* Information supplied
◇ ◇ ◇ ◇
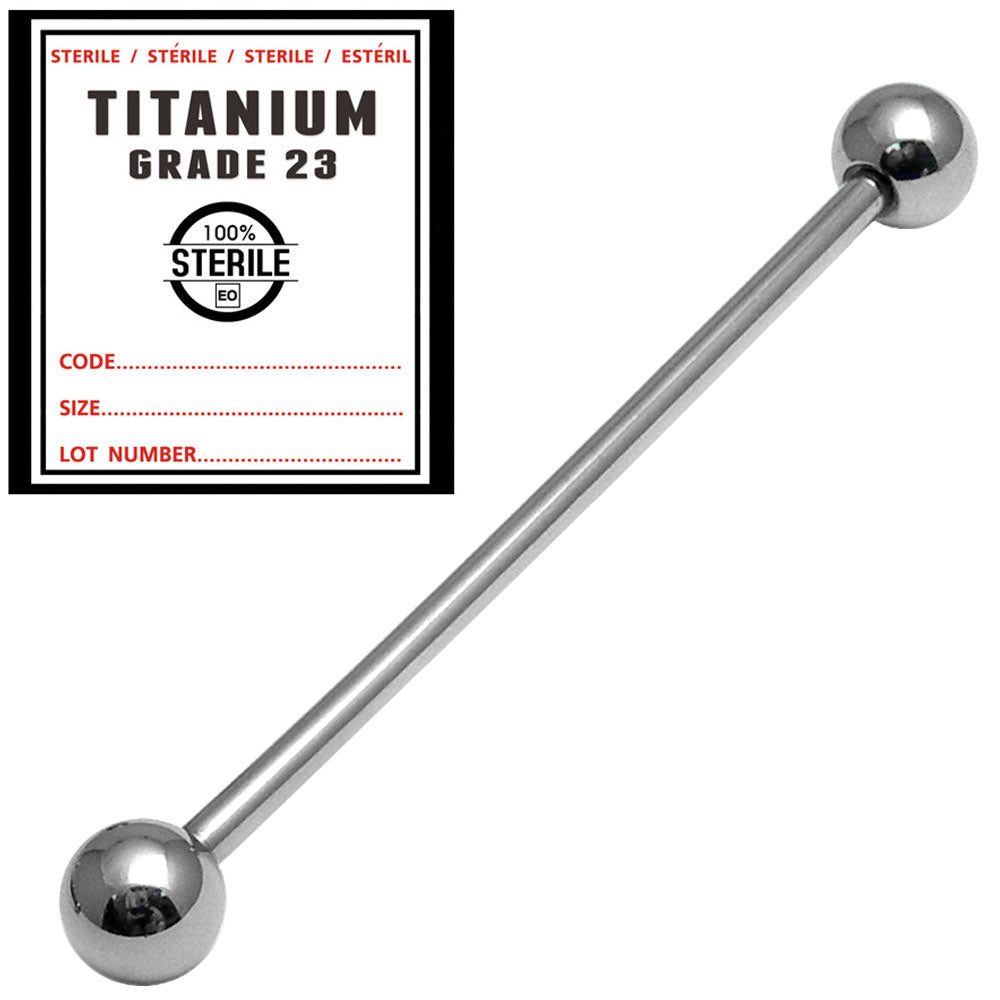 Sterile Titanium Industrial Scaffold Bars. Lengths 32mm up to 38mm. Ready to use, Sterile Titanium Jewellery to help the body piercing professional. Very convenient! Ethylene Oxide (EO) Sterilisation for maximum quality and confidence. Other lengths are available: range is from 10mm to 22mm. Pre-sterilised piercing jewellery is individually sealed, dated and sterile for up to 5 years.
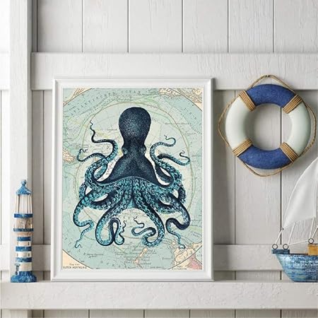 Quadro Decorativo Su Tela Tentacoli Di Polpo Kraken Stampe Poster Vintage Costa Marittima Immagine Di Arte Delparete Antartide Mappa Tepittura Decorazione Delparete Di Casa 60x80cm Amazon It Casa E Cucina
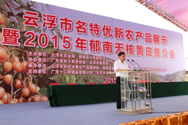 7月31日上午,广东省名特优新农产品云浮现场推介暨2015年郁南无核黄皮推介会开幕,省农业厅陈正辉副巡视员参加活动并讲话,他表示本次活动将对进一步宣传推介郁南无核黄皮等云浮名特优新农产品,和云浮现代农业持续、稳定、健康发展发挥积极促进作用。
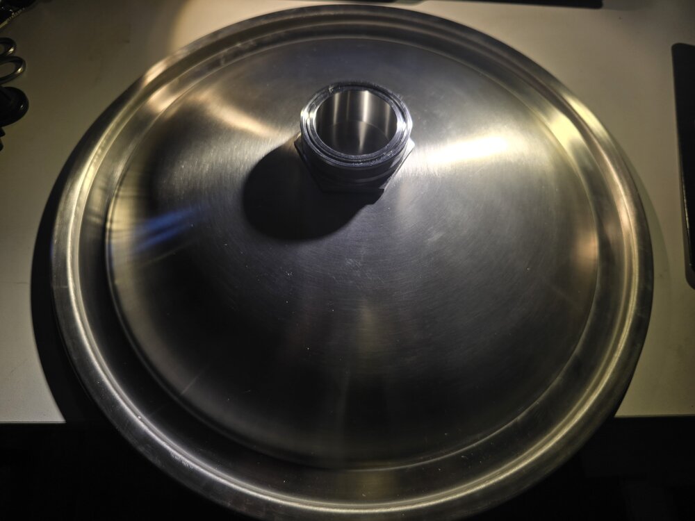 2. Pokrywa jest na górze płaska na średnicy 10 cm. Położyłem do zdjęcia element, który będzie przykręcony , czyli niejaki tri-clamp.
◇ ◇ ◇ ◇
* What you are asked to do
Only the lines from the one containing "7月31日上午,广东省名特优" through the end of the listing above should be reproduced, exactly as they stand. Leave the pictures out.

* Solution to this exercise
 7月31日上午,广东省名特优新农产品云浮现场推介暨2015年郁南无核黄皮推介会开幕,省农业厅陈正辉副巡视员参加活动并讲话,他表示本次活动将对进一步宣传推介郁南无核黄皮等云浮名特优新农产品,和云浮现代农业持续、稳定、健康发展发挥积极促进作用。
 2. Pokrywa jest na górze płaska na średnicy 10 cm. Położyłem do zdjęcia element, który będzie przykręcony , czyli niejaki tri-clamp.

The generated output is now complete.